- [What you need to do] Up to and including the line that holds "The sculpture of", copy every line of the records below exactly, starting at the first; leave pictures out.

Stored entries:
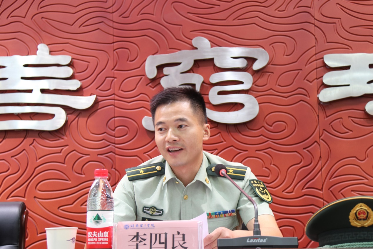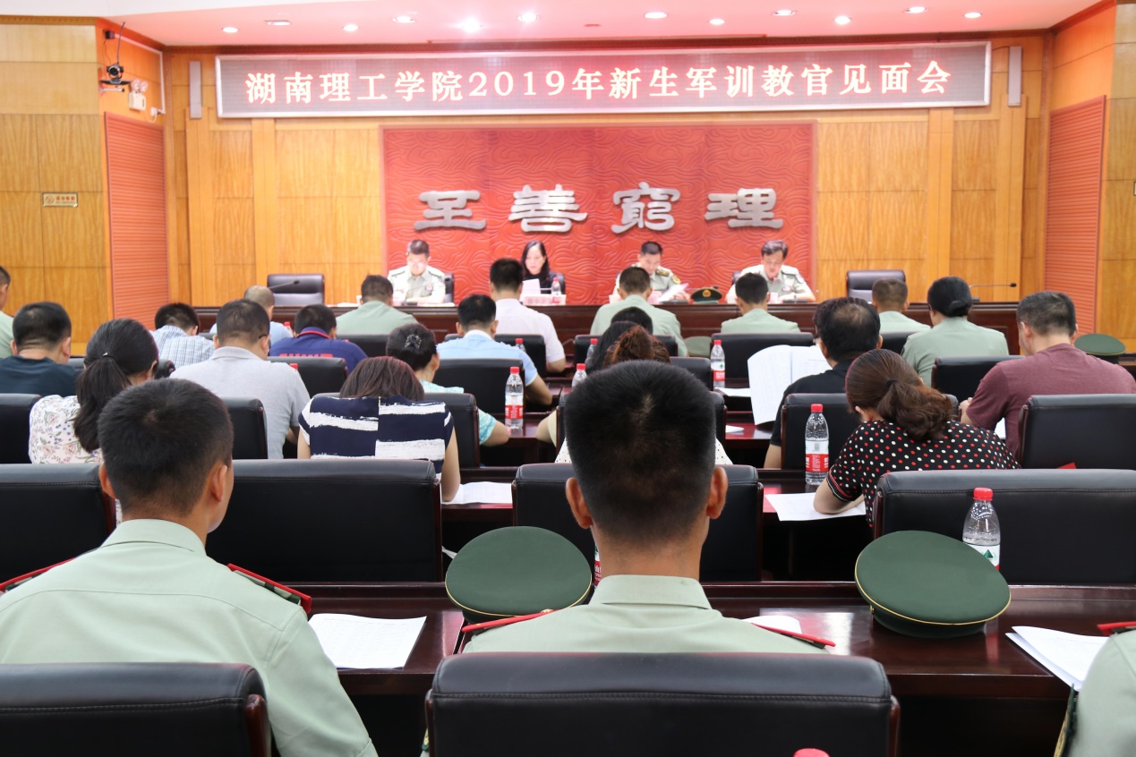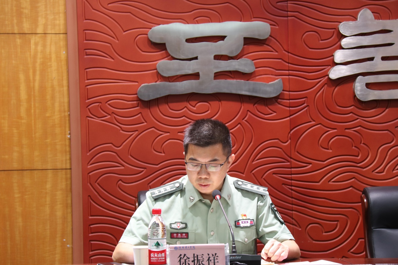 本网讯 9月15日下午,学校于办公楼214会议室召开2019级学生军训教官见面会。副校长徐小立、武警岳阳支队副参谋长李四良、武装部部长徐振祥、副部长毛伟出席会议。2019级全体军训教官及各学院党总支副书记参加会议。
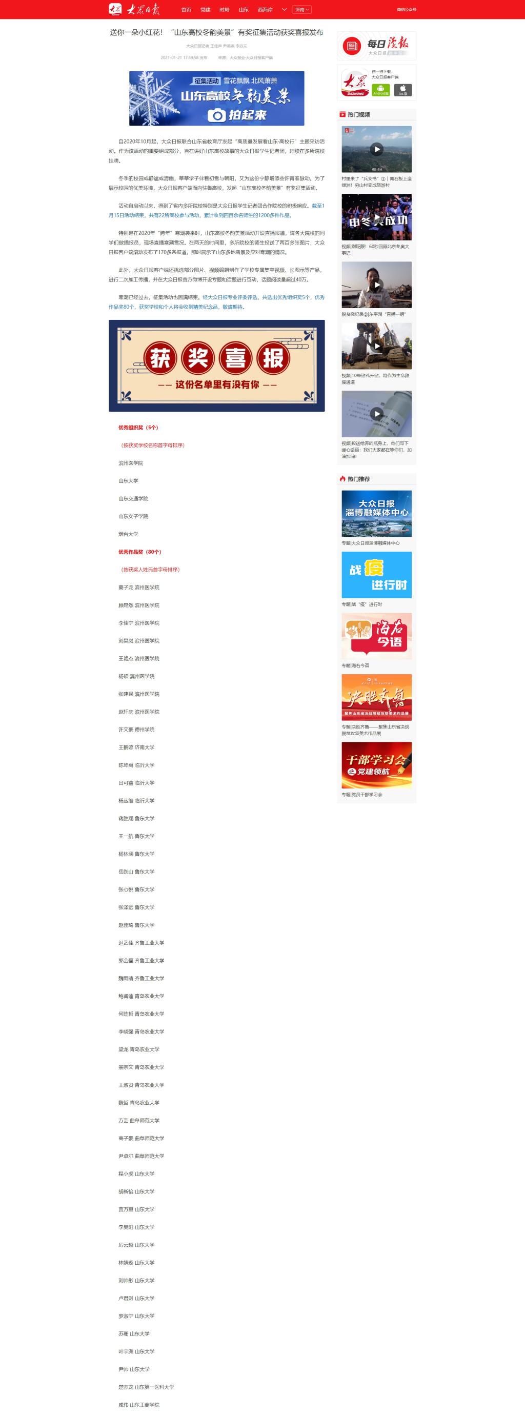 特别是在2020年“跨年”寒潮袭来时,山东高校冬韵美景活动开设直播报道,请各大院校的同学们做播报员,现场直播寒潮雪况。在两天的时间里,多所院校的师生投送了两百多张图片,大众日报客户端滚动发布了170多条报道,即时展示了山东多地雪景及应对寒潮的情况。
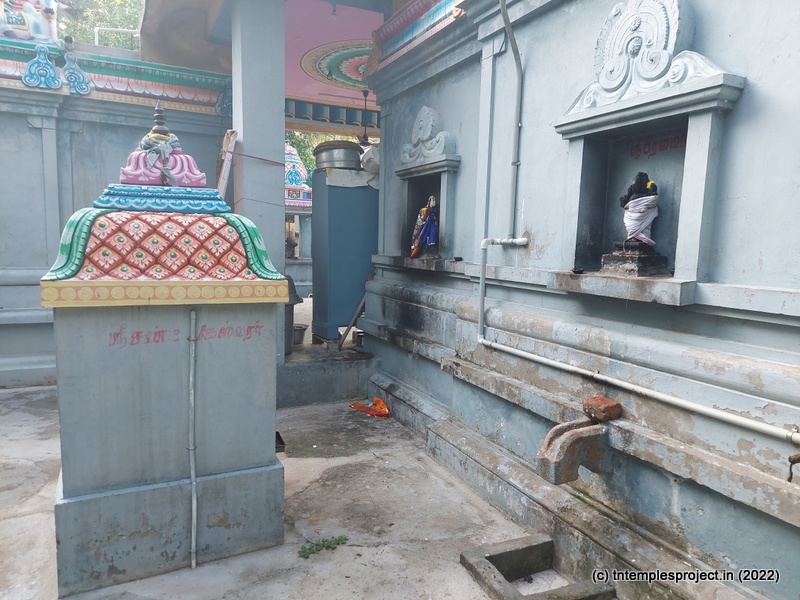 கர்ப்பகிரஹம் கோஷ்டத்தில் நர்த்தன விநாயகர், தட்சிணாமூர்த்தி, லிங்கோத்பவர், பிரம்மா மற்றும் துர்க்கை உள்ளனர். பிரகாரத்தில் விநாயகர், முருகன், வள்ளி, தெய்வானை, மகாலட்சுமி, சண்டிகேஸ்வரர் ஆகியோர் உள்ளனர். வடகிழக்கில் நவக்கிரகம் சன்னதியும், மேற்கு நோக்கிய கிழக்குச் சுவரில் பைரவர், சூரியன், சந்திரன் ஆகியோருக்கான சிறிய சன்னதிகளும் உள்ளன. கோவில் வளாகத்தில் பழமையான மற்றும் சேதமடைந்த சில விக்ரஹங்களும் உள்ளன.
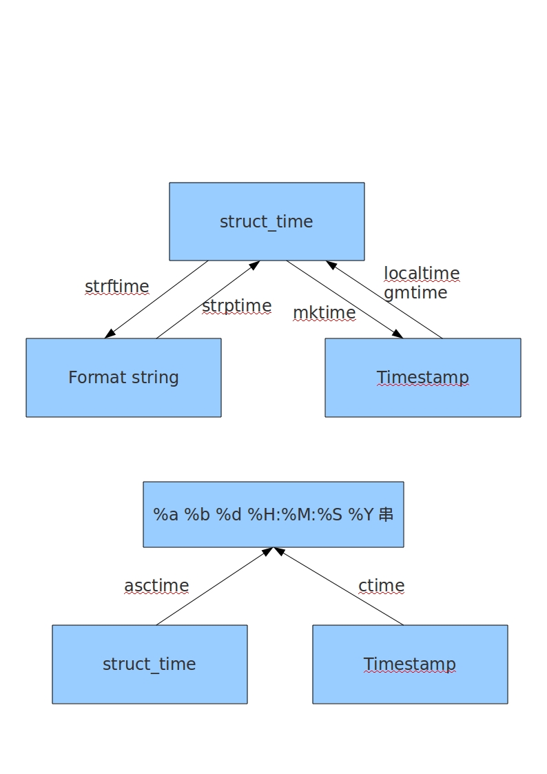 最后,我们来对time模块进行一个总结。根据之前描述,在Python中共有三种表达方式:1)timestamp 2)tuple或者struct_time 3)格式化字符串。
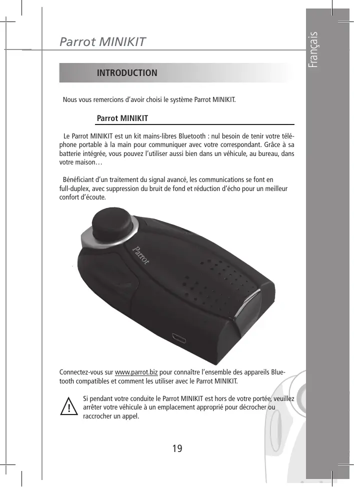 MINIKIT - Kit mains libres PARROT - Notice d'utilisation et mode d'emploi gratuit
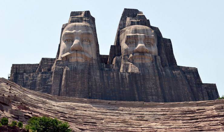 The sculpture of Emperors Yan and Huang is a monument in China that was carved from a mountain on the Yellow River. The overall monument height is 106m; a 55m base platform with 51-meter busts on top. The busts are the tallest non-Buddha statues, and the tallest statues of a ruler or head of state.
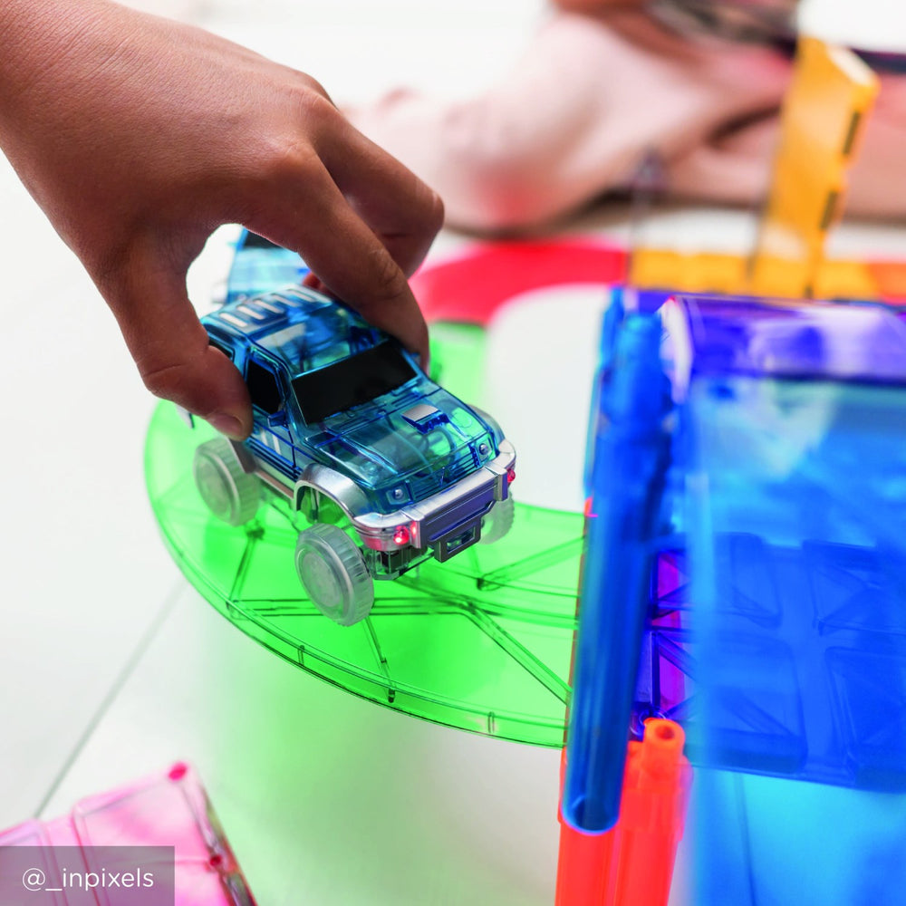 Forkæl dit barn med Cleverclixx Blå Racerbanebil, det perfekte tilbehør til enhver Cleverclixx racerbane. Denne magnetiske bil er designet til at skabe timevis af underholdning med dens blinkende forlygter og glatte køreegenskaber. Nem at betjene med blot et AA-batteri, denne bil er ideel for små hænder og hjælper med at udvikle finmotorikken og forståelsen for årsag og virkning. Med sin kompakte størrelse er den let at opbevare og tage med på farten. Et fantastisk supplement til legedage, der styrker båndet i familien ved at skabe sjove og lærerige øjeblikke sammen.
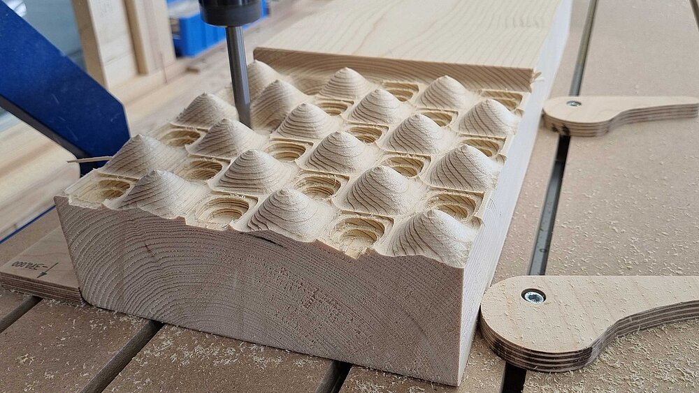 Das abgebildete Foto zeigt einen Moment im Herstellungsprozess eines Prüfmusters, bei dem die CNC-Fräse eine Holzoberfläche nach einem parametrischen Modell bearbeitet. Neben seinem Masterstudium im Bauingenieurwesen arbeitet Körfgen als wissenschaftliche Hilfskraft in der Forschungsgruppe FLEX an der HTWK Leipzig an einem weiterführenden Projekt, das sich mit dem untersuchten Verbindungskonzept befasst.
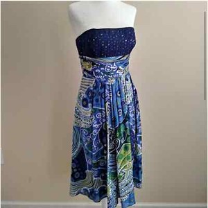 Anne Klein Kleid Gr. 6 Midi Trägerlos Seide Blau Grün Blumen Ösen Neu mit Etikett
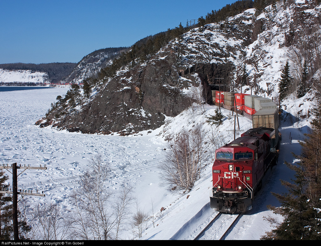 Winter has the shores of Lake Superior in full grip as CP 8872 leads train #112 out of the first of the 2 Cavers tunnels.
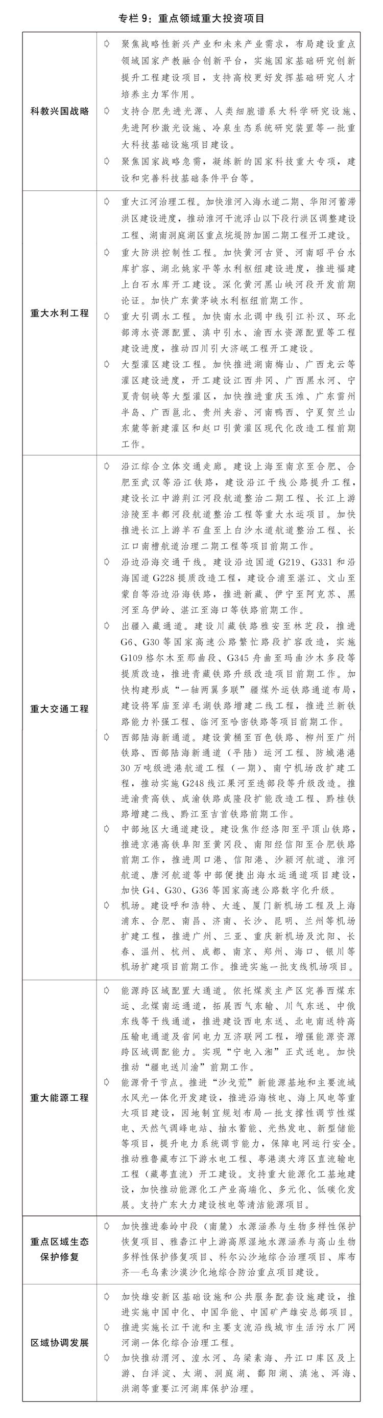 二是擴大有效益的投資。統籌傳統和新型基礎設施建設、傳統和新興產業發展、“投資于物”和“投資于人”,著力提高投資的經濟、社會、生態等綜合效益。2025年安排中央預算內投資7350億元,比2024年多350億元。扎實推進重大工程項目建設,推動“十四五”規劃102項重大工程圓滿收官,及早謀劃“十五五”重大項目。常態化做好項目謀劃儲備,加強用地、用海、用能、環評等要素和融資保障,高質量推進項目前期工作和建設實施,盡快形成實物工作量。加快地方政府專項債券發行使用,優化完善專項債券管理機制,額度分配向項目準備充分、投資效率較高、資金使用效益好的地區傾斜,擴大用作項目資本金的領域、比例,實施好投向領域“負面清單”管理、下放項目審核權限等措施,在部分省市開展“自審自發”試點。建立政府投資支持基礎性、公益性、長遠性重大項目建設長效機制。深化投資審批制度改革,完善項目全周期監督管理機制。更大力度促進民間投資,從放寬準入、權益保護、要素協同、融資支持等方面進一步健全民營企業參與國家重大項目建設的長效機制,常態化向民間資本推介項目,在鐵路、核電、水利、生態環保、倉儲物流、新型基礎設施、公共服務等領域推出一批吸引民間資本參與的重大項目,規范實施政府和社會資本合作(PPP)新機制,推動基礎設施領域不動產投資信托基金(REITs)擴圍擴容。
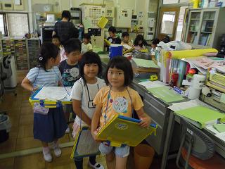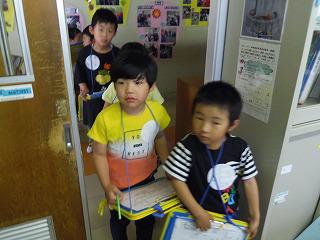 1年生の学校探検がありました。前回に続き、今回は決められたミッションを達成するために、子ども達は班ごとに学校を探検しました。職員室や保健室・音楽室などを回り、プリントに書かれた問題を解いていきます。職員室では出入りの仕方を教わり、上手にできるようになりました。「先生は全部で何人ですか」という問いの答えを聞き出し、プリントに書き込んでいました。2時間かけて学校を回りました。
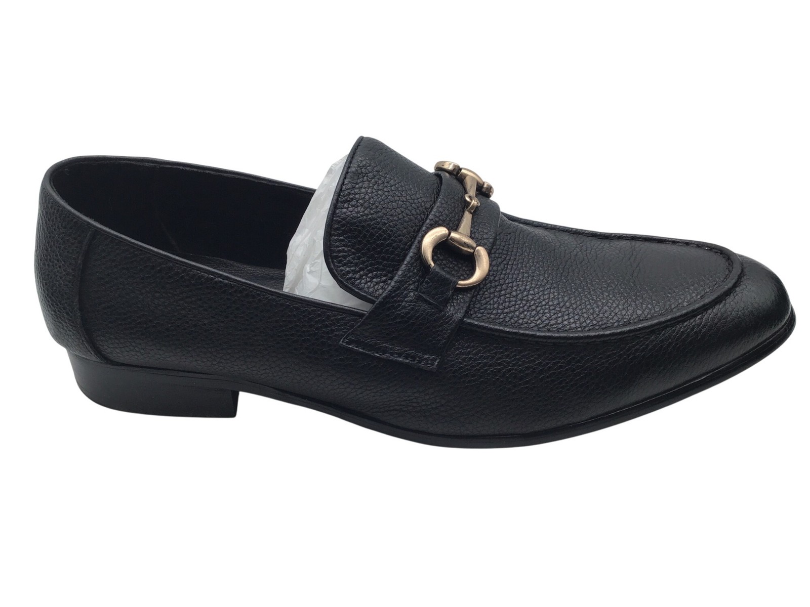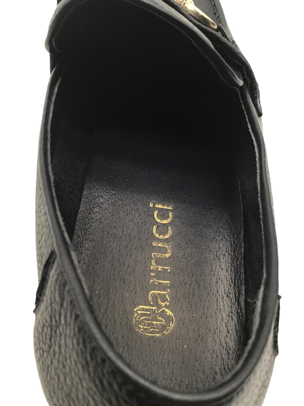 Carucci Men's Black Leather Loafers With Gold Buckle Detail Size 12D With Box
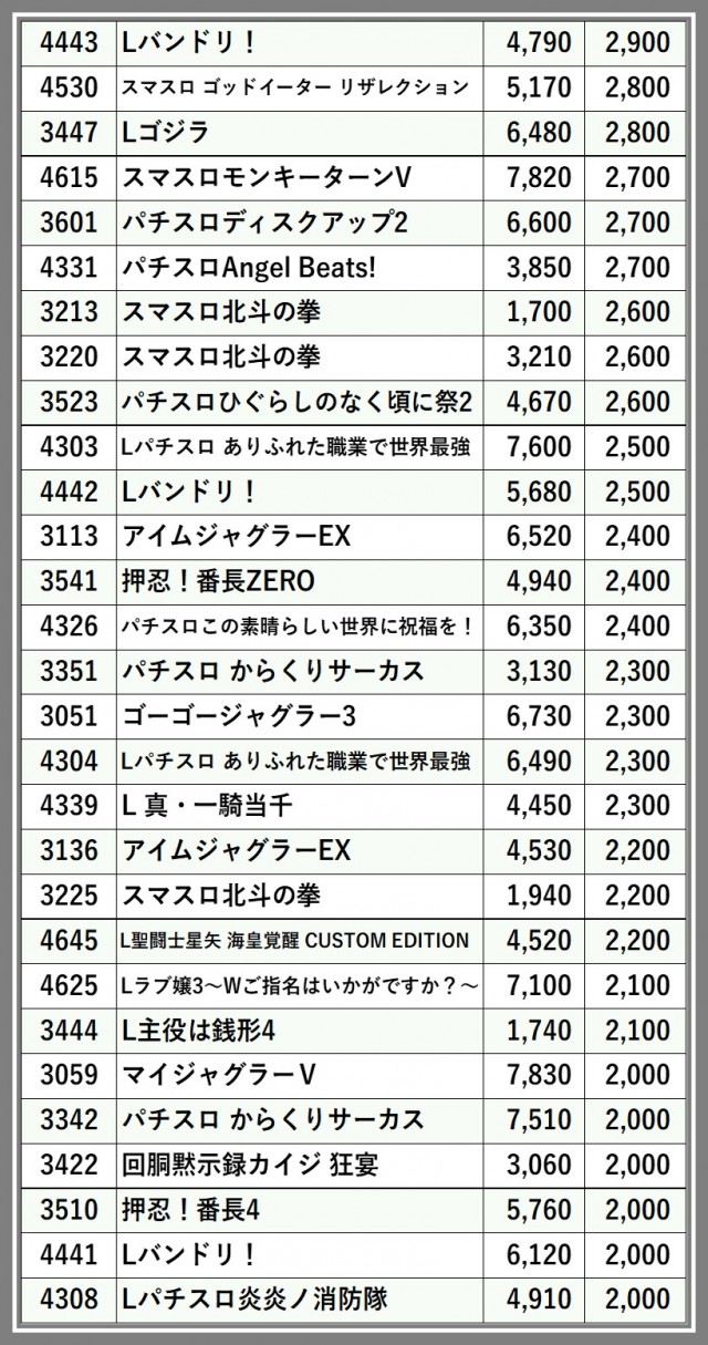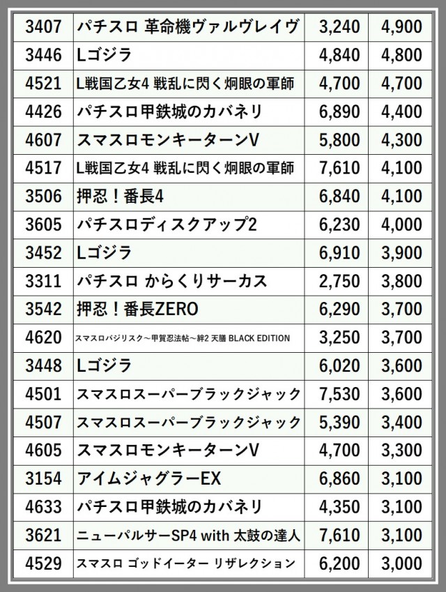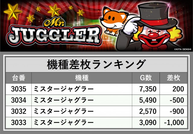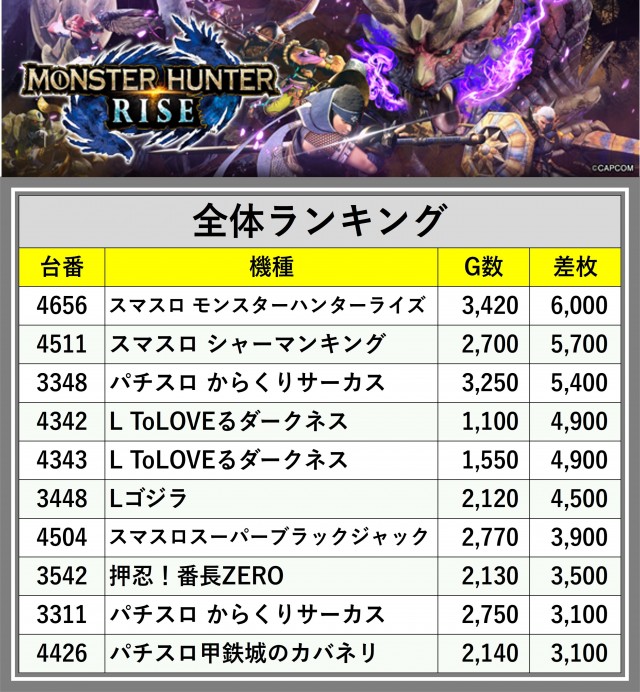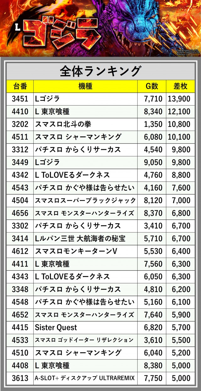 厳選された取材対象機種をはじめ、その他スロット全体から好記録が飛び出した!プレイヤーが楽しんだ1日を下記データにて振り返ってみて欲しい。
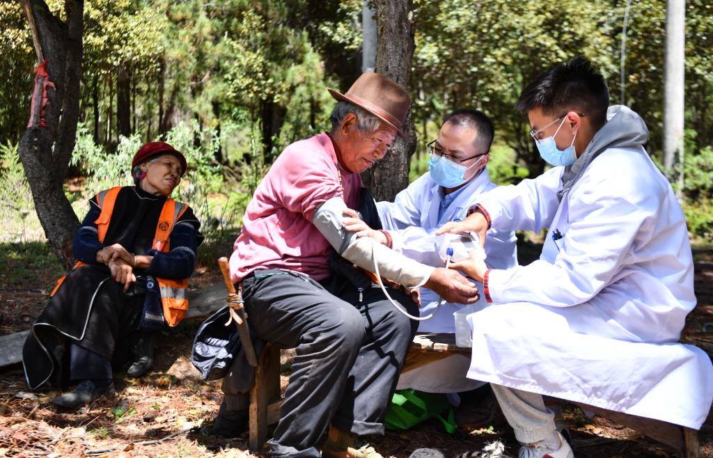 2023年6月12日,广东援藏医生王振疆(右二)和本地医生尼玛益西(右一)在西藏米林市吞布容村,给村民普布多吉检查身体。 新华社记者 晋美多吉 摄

- [Result of this exercise]
 本网讯 9月15日下午,学校于办公楼214会议室召开2019级学生军训教官见面会。副校长徐小立、武警岳阳支队副参谋长李四良、武装部部长徐振祥、副部长毛伟出席会议。2019级全体军训教官及各学院党总支副书记参加会议。
 特别是在2020年“跨年”寒潮袭来时,山东高校冬韵美景活动开设直播报道,请各大院校的同学们做播报员,现场直播寒潮雪况。在两天的时间里,多所院校的师生投送了两百多张图片,大众日报客户端滚动发布了170多条报道,即时展示了山东多地雪景及应对寒潮的情况。
 கர்ப்பகிரஹம் கோஷ்டத்தில் நர்த்தன விநாயகர், தட்சிணாமூர்த்தி, லிங்கோத்பவர், பிரம்மா மற்றும் துர்க்கை உள்ளனர். பிரகாரத்தில் விநாயகர், முருகன், வள்ளி, தெய்வானை, மகாலட்சுமி, சண்டிகேஸ்வரர் ஆகியோர் உள்ளனர். வடகிழக்கில் நவக்கிரகம் சன்னதியும், மேற்கு நோக்கிய கிழக்குச் சுவரில் பைரவர், சூரியன், சந்திரன் ஆகியோருக்கான சிறிய சன்னதிகளும் உள்ளன. கோவில் வளாகத்தில் பழமையான மற்றும் சேதமடைந்த சில விக்ரஹங்களும் உள்ளன.
 最后,我们来对time模块进行一个总结。根据之前描述,在Python中共有三种表达方式:1)timestamp 2)tuple或者struct_time 3)格式化字符串。
 MINIKIT - Kit mains libres PARROT - Notice d'utilisation et mode d'emploi gratuit
 The sculpture of Emperors Yan and Huang is a monument in China that was carved from a mountain on the Yellow River. The overall monument height is 106m; a 55m base platform with 51-meter busts on top. The busts are the tallest non-Buddha statues, and the tallest statues of a ruler or head of state.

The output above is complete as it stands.